## TASK DESCRIPTION:
Only the text belongs in the answer: every line of the records below, transcribed exactly.

## MATERIALS PROVIDED:
- Opening Delimiter -
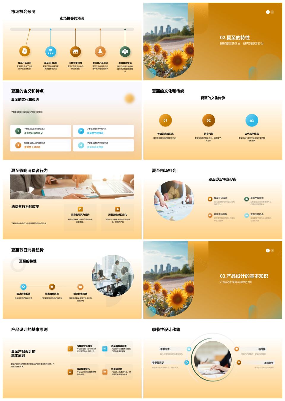 夏至产品策略季节性消费需求文化传统向日葵PPT模板推荐
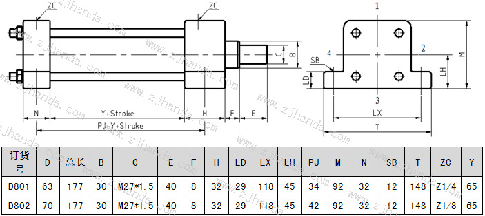 腳座安裝的低壓拉桿液壓缸的尺寸圖及參數(shù)
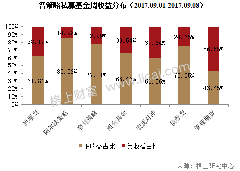 从各策略的业绩表现来看,上周(2017. 09.01-2017.09.08)除管理期货策略外,其余策略均取得周度正收益,但整体收益水平并不高,行业平均收益为-0.36%,收益居首位的股票策略上周周度收益仅有0.38%,阿尔法策略其次。值得注意的是,上周阿尔法策略的正收益占比最高,达85.02%。
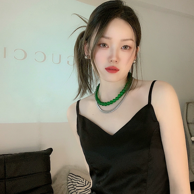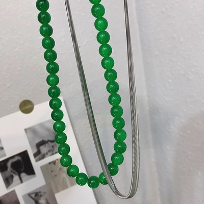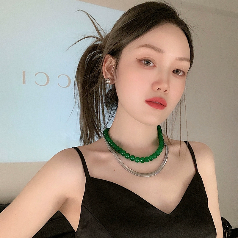 新款ins博主夸张绿色玻璃珠项链女欧美小众时尚气质锁骨链颈链潮
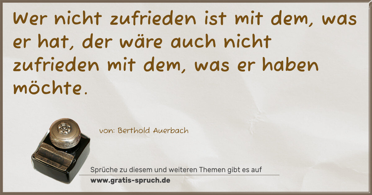 Wer nicht zufrieden ist mit dem, was er hat, der wäre auch nicht zufrieden mit dem, was er haben möchte.
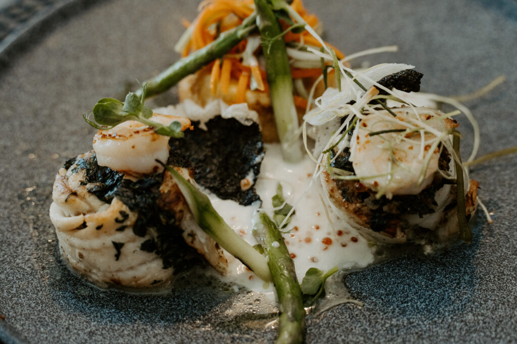 Pamatēdiens. Krāsnī cepta butes fileja, pildīta ar spinātiem, pasniegta ar kāļu pudiņu un baltvīna – foreļu ikru mērci. Alergēni: zivis, piens, olas — pēc nepieciešamības var precizēt.
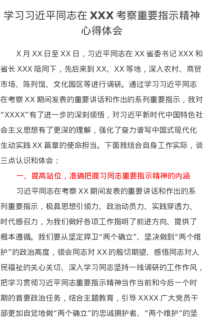 学习习近平总书记在XXX考察重要指示精神心得体会
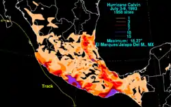 Due to the storm's large size, Hurricane Calvin was responsible for heavy flooding along much of the coast of Mexico, and after moving onshore as a hurricane, two locations (El Marques, Japala Del) reported as high as 18.27 in (464 mm) of rain.[18] The flooding led to mudslides, killing 28 people on land, with 30,000 people displaced.[19] Most of the casualties were indirect.[20] In all, 37 people perished due to Hurricane Calvin.[21] Nationwide 42,063 people were evacuated from their homes.[22] Numerous seaside restaurants were washed off their respective foundations.[23] Banana, mango, and corn plantations were also destroyed by the strong winds.[24] Coconut trees were reportedly brought down as well.[25]
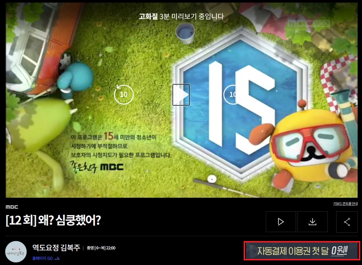 어쨌든 결제를 안하게 되면 3분 미리보기밖에 보실 수 없습니다.
- Closing Delimiter -
## OUTPUT OF THE EXERCISE:
 夏至产品策略季节性消费需求文化传统向日葵PPT模板推荐
 腳座安裝的低壓拉桿液壓缸的尺寸圖及參數(shù)
 从各策略的业绩表现来看,上周(2017. 09.01-2017.09.08)除管理期货策略外,其余策略均取得周度正收益,但整体收益水平并不高,行业平均收益为-0.36%,收益居首位的股票策略上周周度收益仅有0.38%,阿尔法策略其次。值得注意的是,上周阿尔法策略的正收益占比最高,达85.02%。
 新款ins博主夸张绿色玻璃珠项链女欧美小众时尚气质锁骨链颈链潮
 Wer nicht zufrieden ist mit dem, was er hat, der wäre auch nicht zufrieden mit dem, was er haben möchte.
 Pamatēdiens. Krāsnī cepta butes fileja, pildīta ar spinātiem, pasniegta ar kāļu pudiņu un baltvīna – foreļu ikru mērci. Alergēni: zivis, piens, olas — pēc nepieciešamības var precizēt.
 学习习近平总书记在XXX考察重要指示精神心得体会
 Due to the storm's large size, Hurricane Calvin was responsible for heavy flooding along much of the coast of Mexico, and after moving onshore as a hurricane, two locations (El Marques, Japala Del) reported as high as 18.27 in (464 mm) of rain.[18] The flooding led to mudslides, killing 28 people on land, with 30,000 people displaced.[19] Most of the casualties were indirect.[20] In all, 37 people perished due to Hurricane Calvin.[21] Nationwide 42,063 people were evacuated from their homes.[22] Numerous seaside restaurants were washed off their respective foundations.[23] Banana, mango, and corn plantations were also destroyed by the strong winds.[24] Coconut trees were reportedly brought down as well.[25]
 어쨌든 결제를 안하게 되면 3분 미리보기밖에 보실 수 없습니다.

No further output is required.